Who is cocoa, what made the last 13 years with her so special. To know her you have to know her family, why she was important. This story pulls from the depths of my soul as I write this I am wondering if such things should ever be known to strangers. Trystin was 9 years old, Nathan was 6 and Makenzie was 3. Their grandfather bought cocoa a runt from a litter of papered Labs who lived in Snow Flake Az. Cocoas mom was a yellow lab and I heard that her dad was a very fat chocolate. Cocoa could fetch from the time she was a few months old. She learned the kids names and would turn to them if I called their names. She learned what “walk” meant.  Her favorite word was “ball”, and oh my she would dash for her ball and be back so fast, she would drop it at your feet and start to run. We would say “Cocoa, come back and sit…now wait, go get it cocoa!” She  tolerated the chickens, she never hurt them. Once when a neighbor dog found its way into our backyard and took a chicken. Cocoa chased that dog and brought back the chicken in her mouth and laid it at my feet. Cocoa loves food every kind, I never found anything she wouldn’t eat. I took her everywhere, a dog never hiked so much. Cocoa hardly wore a leash she walked right next to me and listened when I spoke.

This is hard to write, but I will tell a small piece of my story so you understand Cocoa, Tears form in my eyes as I consider if this is something that should be known. Vulnerability can be beautiful and part of healing. Many of my friends and relations know that my previous marriage was difficult and it ended in divorce after 18 years of marital confusion and despair. This story is about Cocoa so we will tie it all in soon. from the beginning of my marriage 1997 if your curious. I walked on eggshells and never knew when I would get yelled at.  Anger is a scary thing when you mix it with alcohol. How many nights can you count when you multiply 365 and 18, then subtract a quarter of those days. That’s how many nights I found myself afraid, I got really good at hiding from him. You see, who do you think kept me company under the stars as I asked God why he hated me. There she was laying at my feet and she knew without a human brain the routine. I kept much of my life a secret because I hated judgment from those who ask “why do you stay?” Cocoa was there to just sit and watch over me as I hid in the desert near our home. No judgment. Many chilly nights she ran with the kids through the desert to their grandparents house to get away from things no one should see or repeat. Cocoa had a job you see, she was more than a dog or a friend she was a vital part of our lives, our support, she gave us courage. In many ways she was a guide dog for a very hurt broken family. A true gift from God. I can not put a value on her life or thank her enough for how she loved us.

Times have changed dramatically for our little family, I am remarried to a very kind wonderful sweet man. Makenzie and Nathan bask in the essence of peace and will hardly leave or venture to far from me and their step dad. Trystin is happily married and working hard. Cocoa has resorted to eating all the cat food she can steal and laying in the cool grass through these long summer nights.

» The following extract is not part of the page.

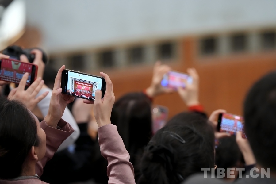3月5日,十四届全国人大四次会议开幕,中外记者用手机拍摄开幕会。摄影:边子捷
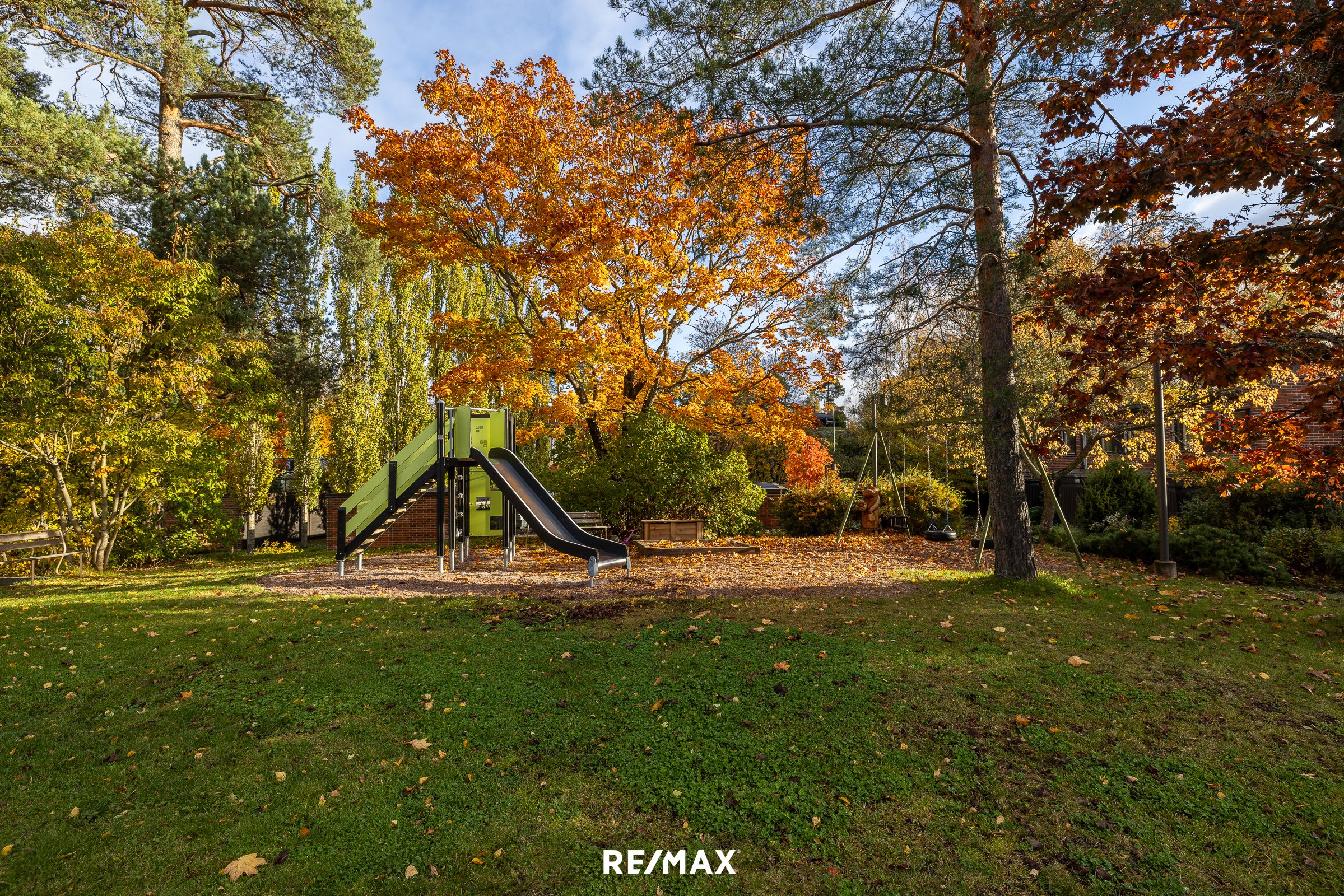Yhteisessä käytössä on tunnelmallinen grillipaikka savustimineen. Perheen pienimmille löytyy turvallinen ja hyvin hoidettu leikkipaikka. Lisäksi taloyhtiön kaunis ja vehreä pihapiiri tarjoaa mukavan paikan rentoutumiseen ja lasten leikkeihin.

She likes to be outside, She no longer has to protect her family, she is happy and retired from her job well done. I have to say goodbye to cocoa and its really hard, I love her and I love how God gave her to us in a season of pain. Its those painful moments in life that that create a grateful heart. Cocoa taught me about loyalty about patience and how sometimes just sitting and listening is the best way to be a friend.

The final days, Cocoa can hardly get up, her hips don’t want to work. She still wags her tail when she hears my voice and she turns her head as to say she knows I’m there. Its my turn to be brave and say goodbye, I never knew it would be so hard.